• EXERCISE DESCRIPTION
Leaving out the pictures, output each record exactly as it stands.

--- START ---

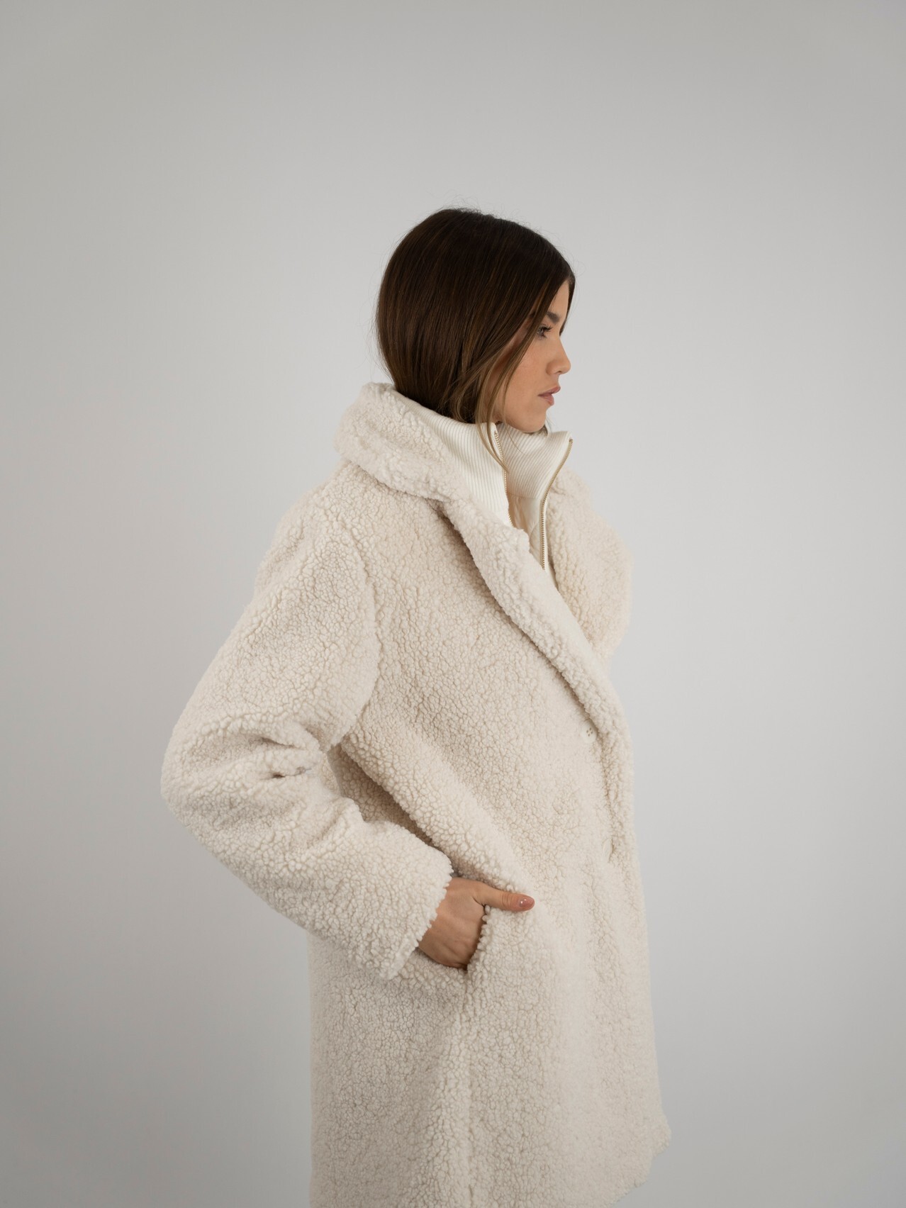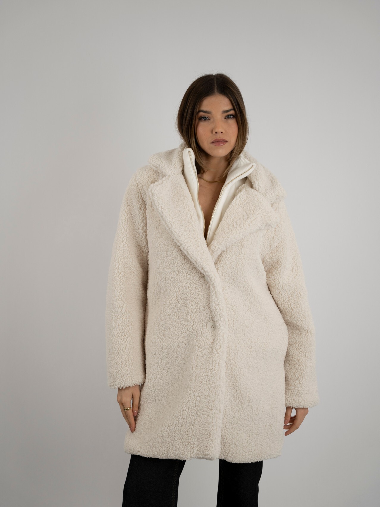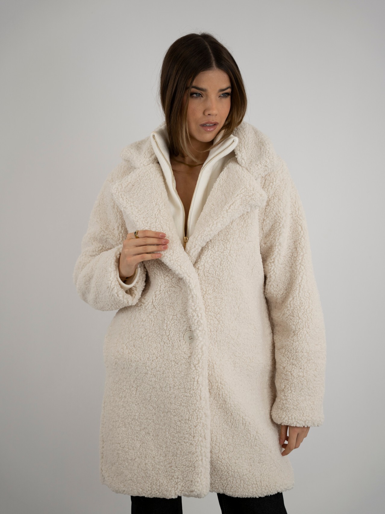Casaco midi em pelo enroscado, elegante e extremamente aconchegante. Com textura volumosa e macia, proporciona conforto térmico ideal para os dias mais frios. O comprimento midi confere um toque sofisticado ao visual, tornando a peça perfeita para looks modernos e cheios de estilo. Um casaco marcante que une charme, conforto e elegância. 🧥✨
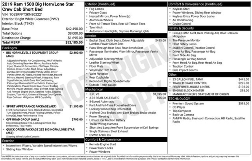 2019 Ram 1500 Big Horn/Lone Star 4D Crew Cab Big Horn/Lone Star Bright White Clearcoat 4WD HEMI 5.7L V8 Multi Displacement VVT 8-Speed Automatic
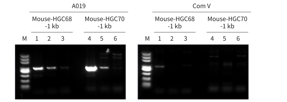 以 Mouse gDNA 為模板,使用 A019 和 Com V 進行高 GC 片段的擴增。結果顯示,A019 對高 GC 片段的擴增能力強,且優于 Com V
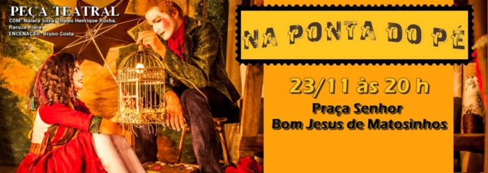 Hoje tem ensaio aberto da peça teatral "Na Ponta do Pé", às 20h, na Praça Bom Senhor de Matosinhos.
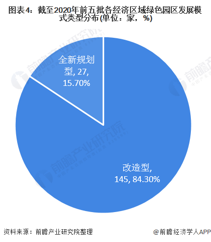 從綠色產(chǎn)業(yè)園區(qū)發(fā)展模式類型分布來看,我國綠色產(chǎn)業(yè)園區(qū)目前仍以原有園區(qū)改造型為主,全新規(guī)劃型占比較少,172家國家級綠色園區(qū)中改造型綠色園區(qū)為145家,占比達84.3%,全新規(guī)劃型綠色園區(qū)為27家,占比為15.7%。
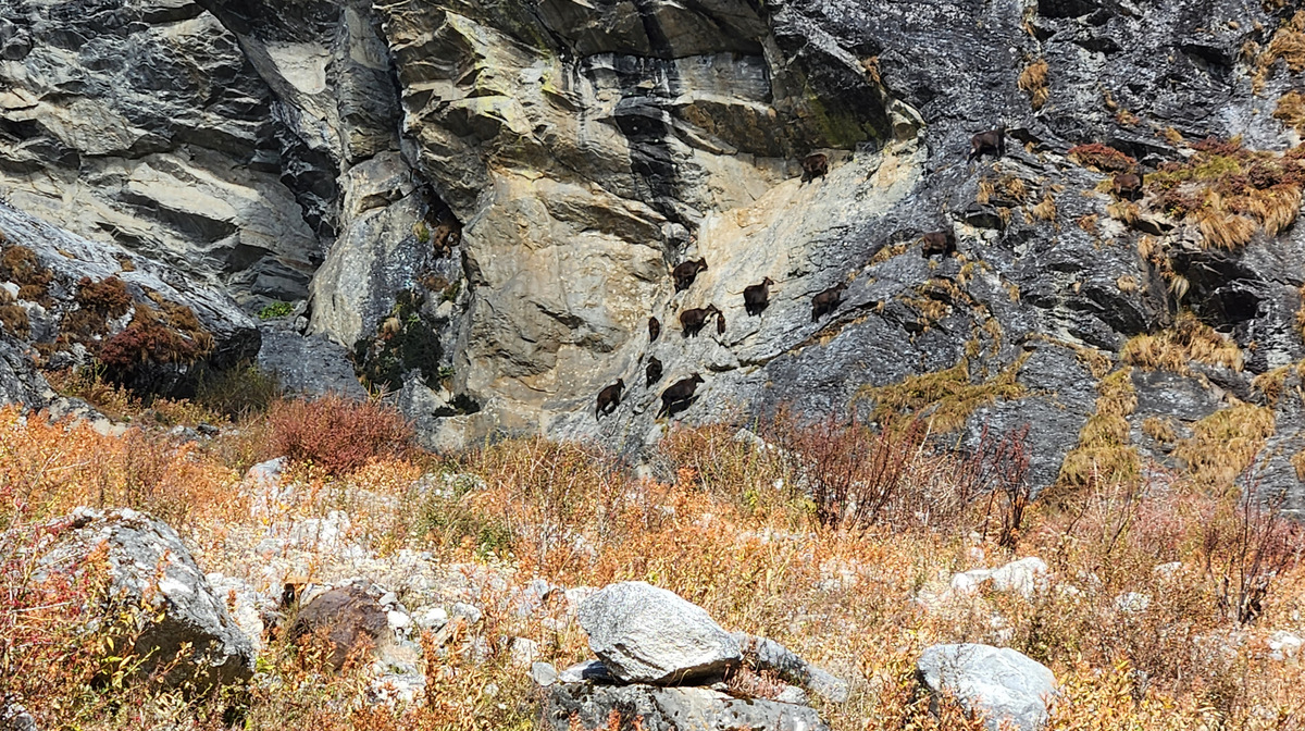 И, кстати, на подходе к водопаду я видела большое стадо горных гималайских козлов. Они, почуяв меня, бросились на утек по крутым скалам.
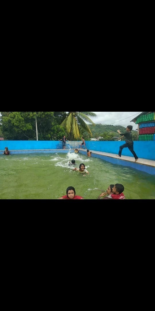Siapa sangka jejeran botol minuman mineral bekas yang dicat dominan warna merah berjejer rapi yang menuju ke areal persawahan itu, tepatnya di KM jalan Bireuen-Takengon, sebenarnya adalah pintu masuk menuju kolam renang yang dikelola BUMG Gampong Juli.
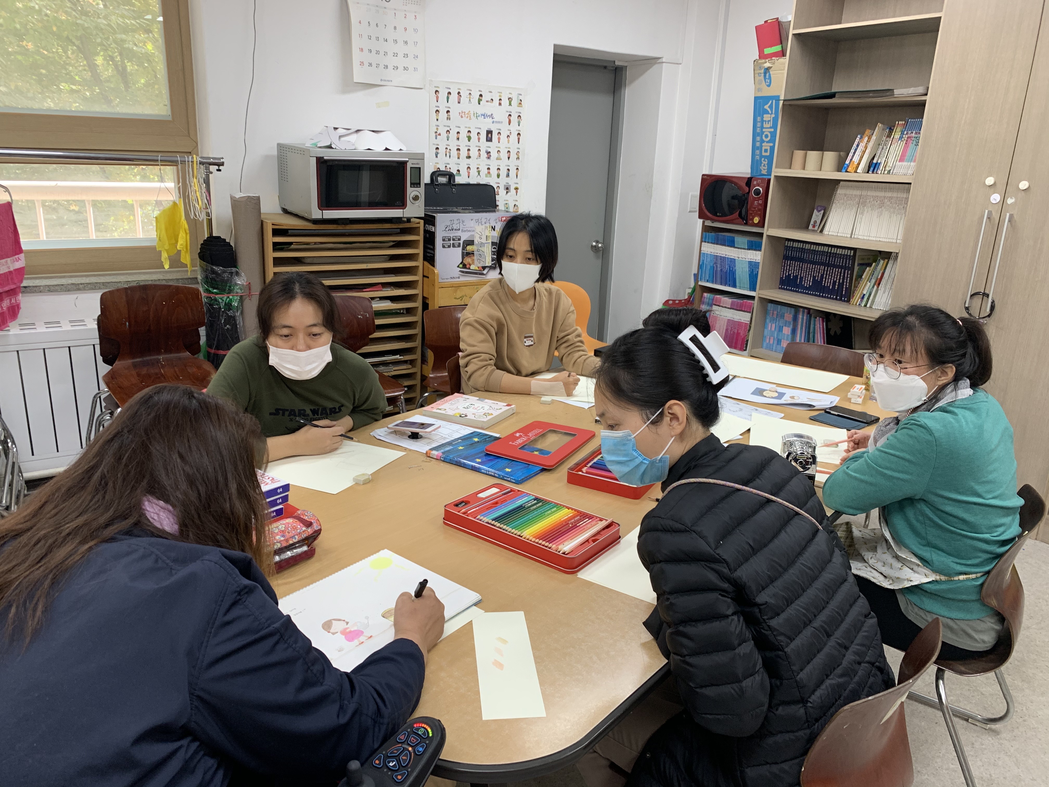 도저히 집에서는 못 그리겠으니 복지관에 나와서 그리면 어떻겠냐는 제안에..
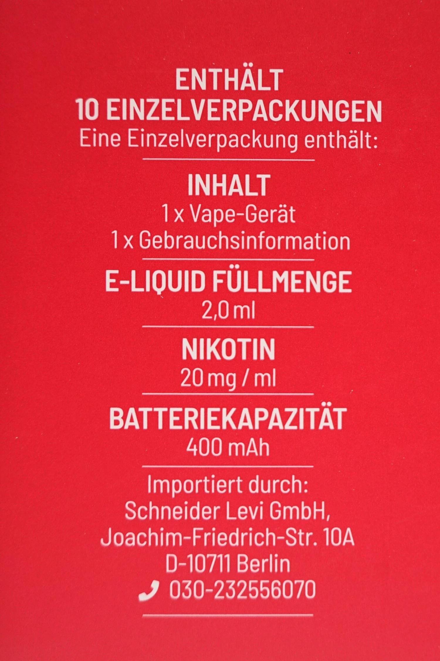 Nikotingehalt: 20 mg/ml Gesamtnikotingehalt: 40 mg (entspricht 20 mg/ml)
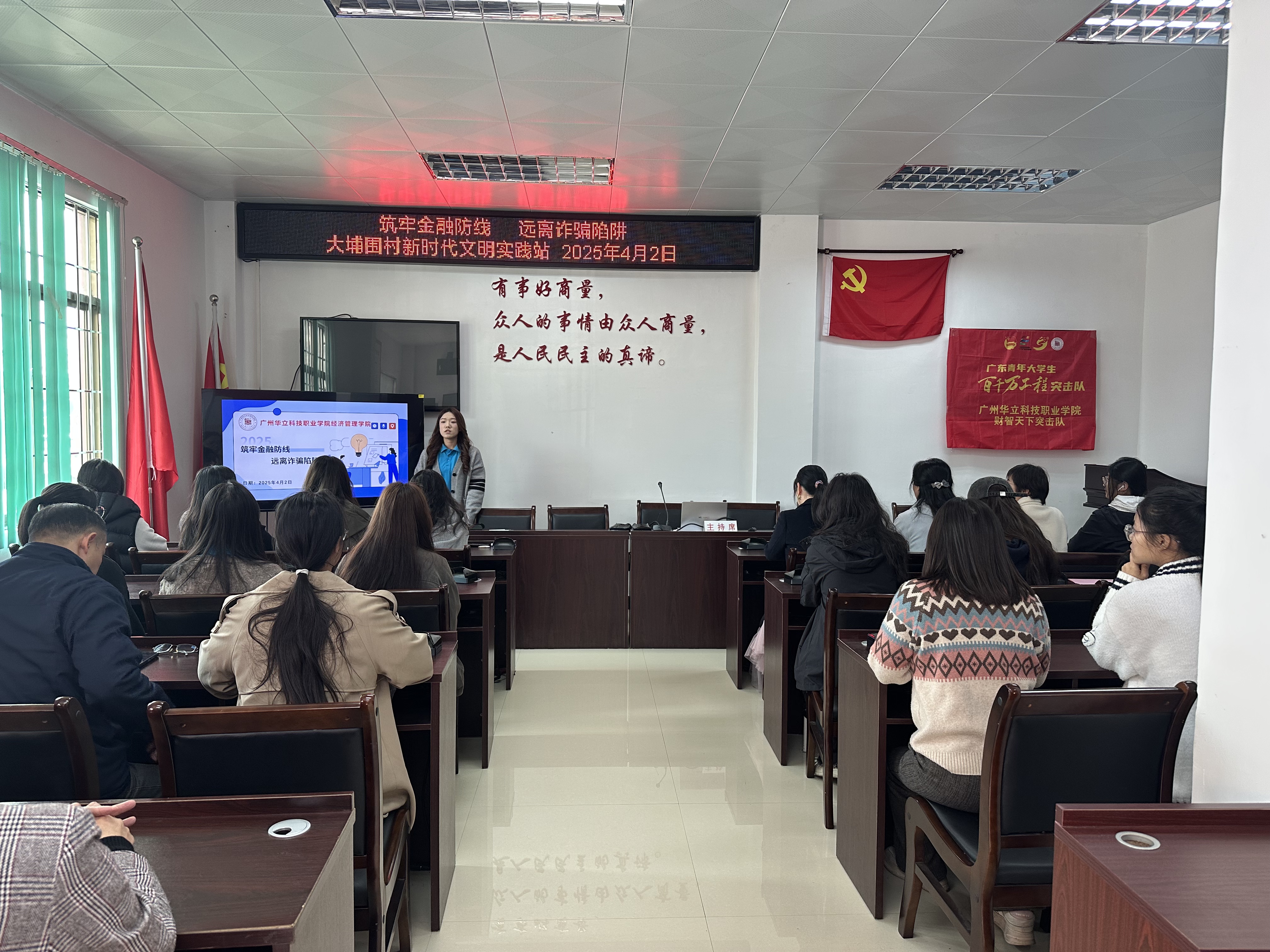 為積極響應(yīng)國家鄉(xiāng)村振興戰(zhàn)略,提升鄉(xiāng)村居民的金融防范意識與學(xué)歷認知水平,2025年4月2日,廣州華立科技職業(yè)學(xué)院經(jīng)濟管理學(xué)院院長兼黨總支書記劉惠玲親自率師生團隊,走進增城區(qū)增江街大埔圍村,開展了一場別開生面的金融防詐騙與學(xué)歷提升講座,為鄉(xiāng)村發(fā)展注入知識力量。
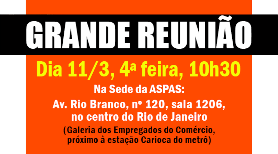 Vamos conversar sobre nossa luta contra o insano reajuste de 29,39% no PAS/Serpro e outros assuntos. Encontro será na sede da Associação, no Rio de Janeiro.
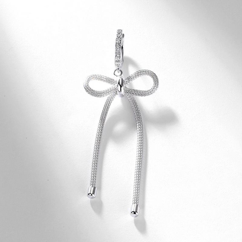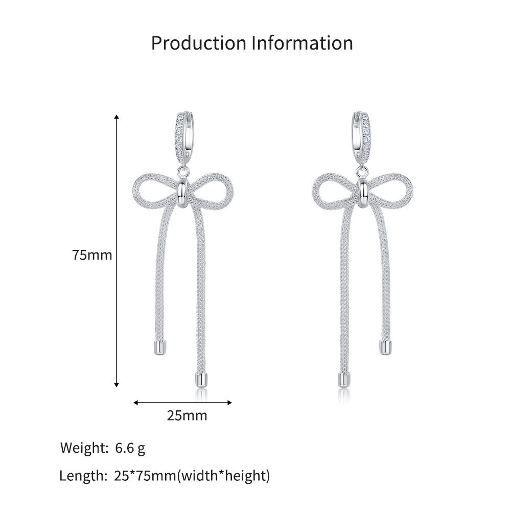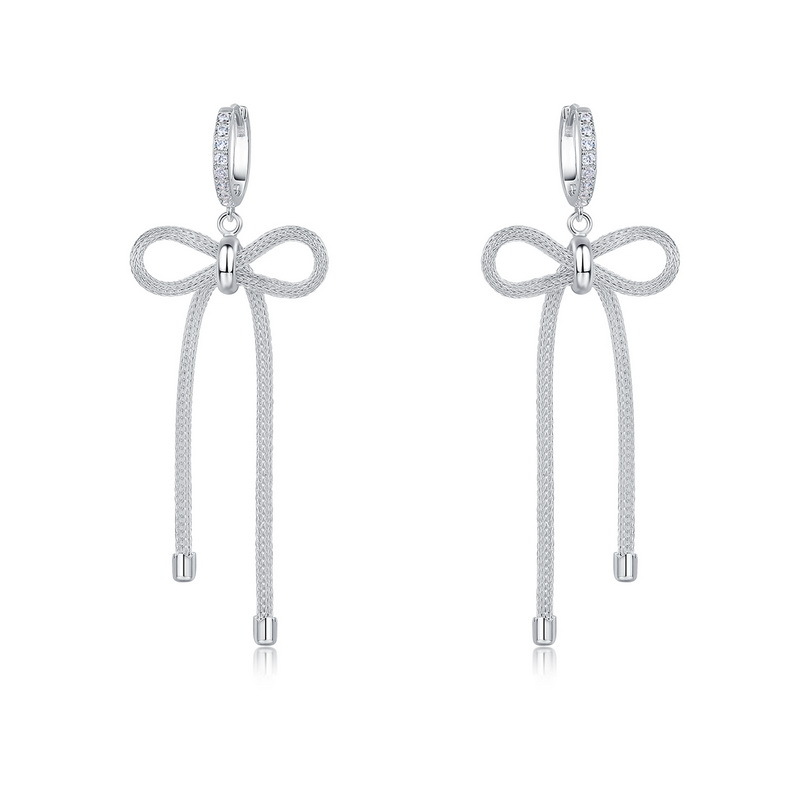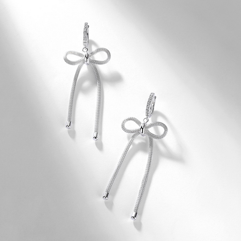 Capitalize on the explosive "coquette" and "oversized bow" fashion trends with our Wholesale 925 Sterling Silver Statement Bow Tassel Earrings. Bow motifs are currently dominating the retail market across all demographics, and this SKU executes the trend flawlessly with a high-impact, exaggerated silhouette. The design offers incredible perceived value by pairing a premium, stone-studded hoop with a beautifully textured, woven-metal bow and fluid chain tassel tails. This intricate detailing provides a high-end, designer aesthetic that supports excellent retail markups. Available in a brilliant silver finish, this highly photogenic and dynamic statement piece is a mandatory anchor for your "Evening Glamour," "Trendy Coquette," and "Statement Earring" assortments.
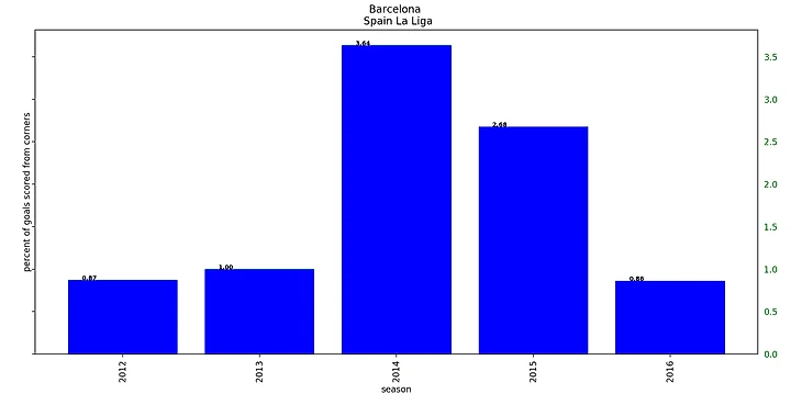У Барселоны один из самых низких процентов (3 сезона < 1%). При Луисе Энрике (с сезона 2014\15) падал из года в год (до значения 0.86% - самый минимум среди всех клубов)
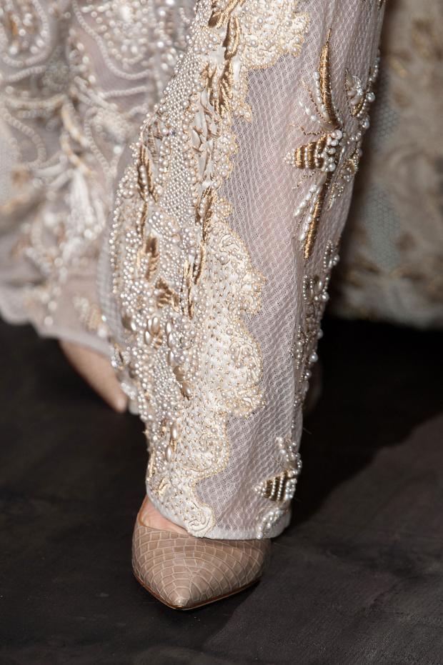 感觉Valentino这场秀就是,将繁琐与简约间隔开来营造出的风格旋律,有的让你沉迷在绣花蕾丝的精工当中,有的让你灿烂在润美光泽当中,有的是对高定传统的坚持,譬如那些奢华礼服,有的是对高定未来的尝试,譬如那些大气套装,无论怎么说,每件都很迎合着秋冬潮流,也体现着对裁剪、材质、细节的讲究。

--- END ---

• REPLY TO THE EXERCISE
Casaco midi em pelo enroscado, elegante e extremamente aconchegante. Com textura volumosa e macia, proporciona conforto térmico ideal para os dias mais frios. O comprimento midi confere um toque sofisticado ao visual, tornando a peça perfeita para looks modernos e cheios de estilo. Um casaco marcante que une charme, conforto e elegância. 🧥✨
 2019 Ram 1500 Big Horn/Lone Star 4D Crew Cab Big Horn/Lone Star Bright White Clearcoat 4WD HEMI 5.7L V8 Multi Displacement VVT 8-Speed Automatic
 以 Mouse gDNA 為模板,使用 A019 和 Com V 進行高 GC 片段的擴增。結果顯示,A019 對高 GC 片段的擴增能力強,且優于 Com V
 Hoje tem ensaio aberto da peça teatral "Na Ponta do Pé", às 20h, na Praça Bom Senhor de Matosinhos.
 從綠色產(chǎn)業(yè)園區(qū)發(fā)展模式類型分布來看,我國綠色產(chǎn)業(yè)園區(qū)目前仍以原有園區(qū)改造型為主,全新規(guī)劃型占比較少,172家國家級綠色園區(qū)中改造型綠色園區(qū)為145家,占比達84.3%,全新規(guī)劃型綠色園區(qū)為27家,占比為15.7%。
 И, кстати, на подходе к водопаду я видела большое стадо горных гималайских козлов. Они, почуяв меня, бросились на утек по крутым скалам.
Siapa sangka jejeran botol minuman mineral bekas yang dicat dominan warna merah berjejer rapi yang menuju ke areal persawahan itu, tepatnya di KM jalan Bireuen-Takengon, sebenarnya adalah pintu masuk menuju kolam renang yang dikelola BUMG Gampong Juli.
 도저히 집에서는 못 그리겠으니 복지관에 나와서 그리면 어떻겠냐는 제안에..
 Nikotingehalt: 20 mg/ml Gesamtnikotingehalt: 40 mg (entspricht 20 mg/ml)
 為積極響應(yīng)國家鄉(xiāng)村振興戰(zhàn)略,提升鄉(xiāng)村居民的金融防范意識與學(xué)歷認知水平,2025年4月2日,廣州華立科技職業(yè)學(xué)院經(jīng)濟管理學(xué)院院長兼黨總支書記劉惠玲親自率師生團隊,走進增城區(qū)增江街大埔圍村,開展了一場別開生面的金融防詐騙與學(xué)歷提升講座,為鄉(xiāng)村發(fā)展注入知識力量。
 Vamos conversar sobre nossa luta contra o insano reajuste de 29,39% no PAS/Serpro e outros assuntos. Encontro será na sede da Associação, no Rio de Janeiro.
 Capitalize on the explosive "coquette" and "oversized bow" fashion trends with our Wholesale 925 Sterling Silver Statement Bow Tassel Earrings. Bow motifs are currently dominating the retail market across all demographics, and this SKU executes the trend flawlessly with a high-impact, exaggerated silhouette. The design offers incredible perceived value by pairing a premium, stone-studded hoop with a beautifully textured, woven-metal bow and fluid chain tassel tails. This intricate detailing provides a high-end, designer aesthetic that supports excellent retail markups. Available in a brilliant silver finish, this highly photogenic and dynamic statement piece is a mandatory anchor for your "Evening Glamour," "Trendy Coquette," and "Statement Earring" assortments.
У Барселоны один из самых низких процентов (3 сезона < 1%). При Луисе Энрике (с сезона 2014\15) падал из года в год (до значения 0.86% - самый минимум среди всех клубов)
 感觉Valentino这场秀就是,将繁琐与简约间隔开来营造出的风格旋律,有的让你沉迷在绣花蕾丝的精工当中,有的让你灿烂在润美光泽当中,有的是对高定传统的坚持,譬如那些奢华礼服,有的是对高定未来的尝试,譬如那些大气套装,无论怎么说,每件都很迎合着秋冬潮流,也体现着对裁剪、材质、细节的讲究。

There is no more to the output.